Human papillomavirus type 16 (HPV-16) is a major cause of cervical neoplasia, but only a minority of HPV-16 infections result in cancer. Whether particular HPV-16 variants are associated with cervical disease has not yet been clearly established. An investigation of whether cervical neoplasia is associated with infection with HPV-16 intratypic variants was undertaken by using RFLP analyses in a study of 100 HPV-16 DNA-positive women with or without neoplasia.

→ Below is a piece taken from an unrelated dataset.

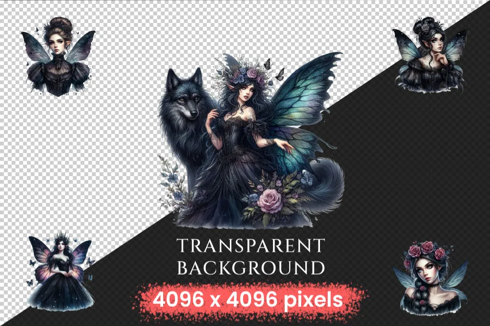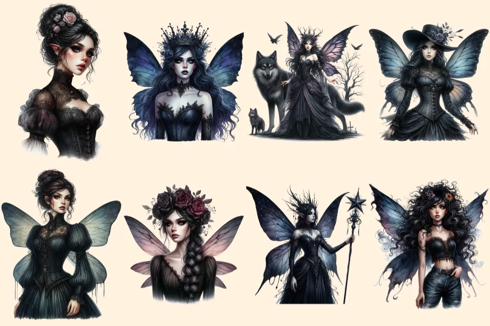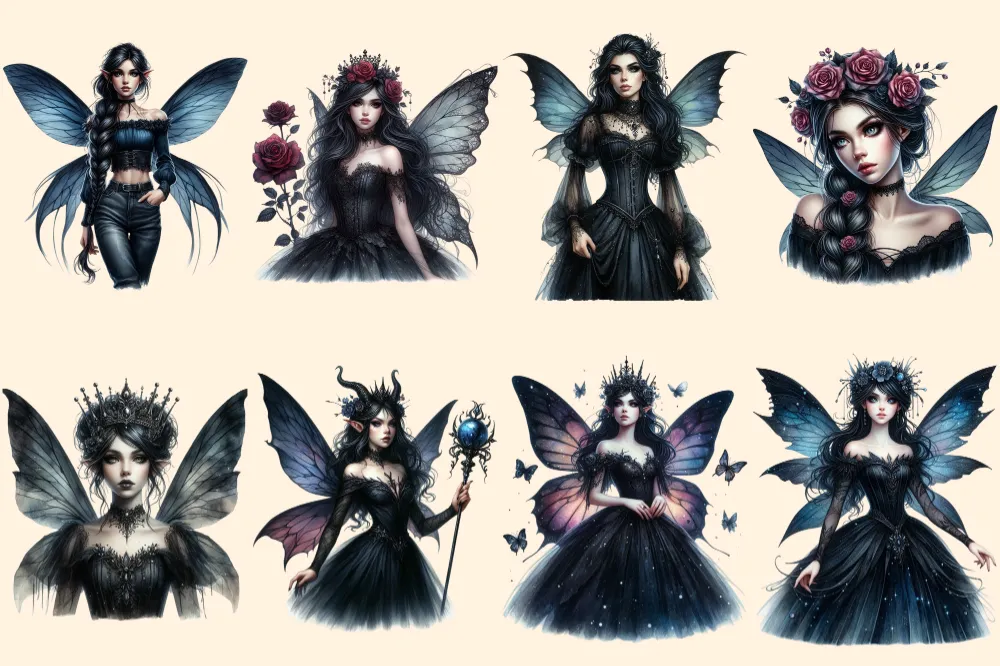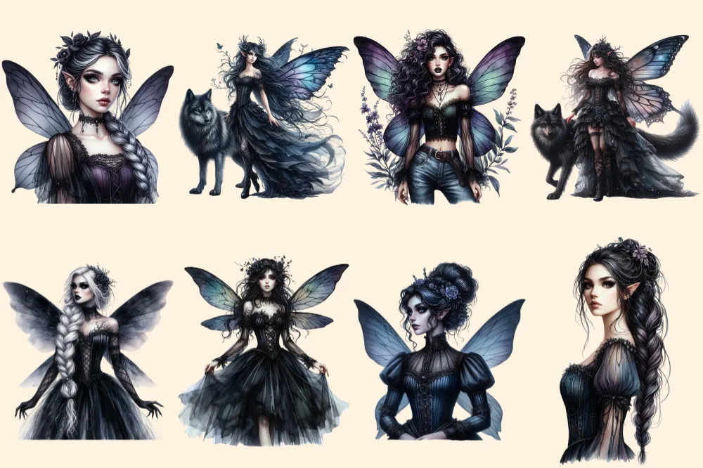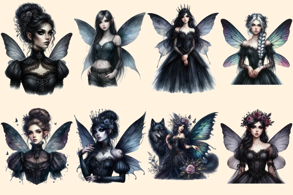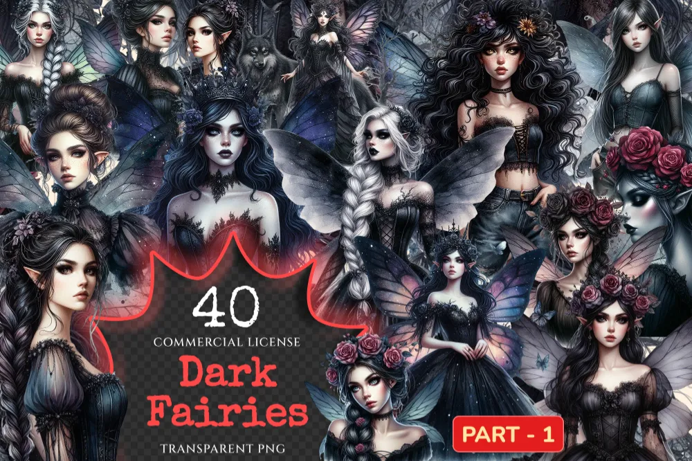 Dark Fairies PNG Clipart Collection – 40 PNG, Enchanted witch illustrations, Gothic printables, Commercial use, Digital download

RFLP variant 2 was positively associated [odds ratio (OR)=2.57] and variant 5 was negatively associated with disease (OR=0.2). Variant 1, which resembles the reference isolate of HPV-16, was found at a similar prevalence among those with and without neoplasia. Variants 1 and 2 were also more likely to be associated with detectable viral mRNA than variant 5 (respectively P=0.03 and P=0.00). When HPV-16 E5 ORFs in 50 clones from 36 clinical samples were sequenced, 19 variant HPV-16 E5 DNA sequences were identified. Twelve of these DNA sequences encoded variant E5 amino acid sequences, 10 of which were novel. Whilst the associations between HPV-16 E5 RFLP variants and neoplasia could not be attributed to differences in amino acid sequences, correlation was observed in codon usage. DNA sequences of RFLP variant 2 (associated with greatest OR for neoplasia) had a significantly greater usage of common mammalian codons compared with RFLP pattern 1 variants.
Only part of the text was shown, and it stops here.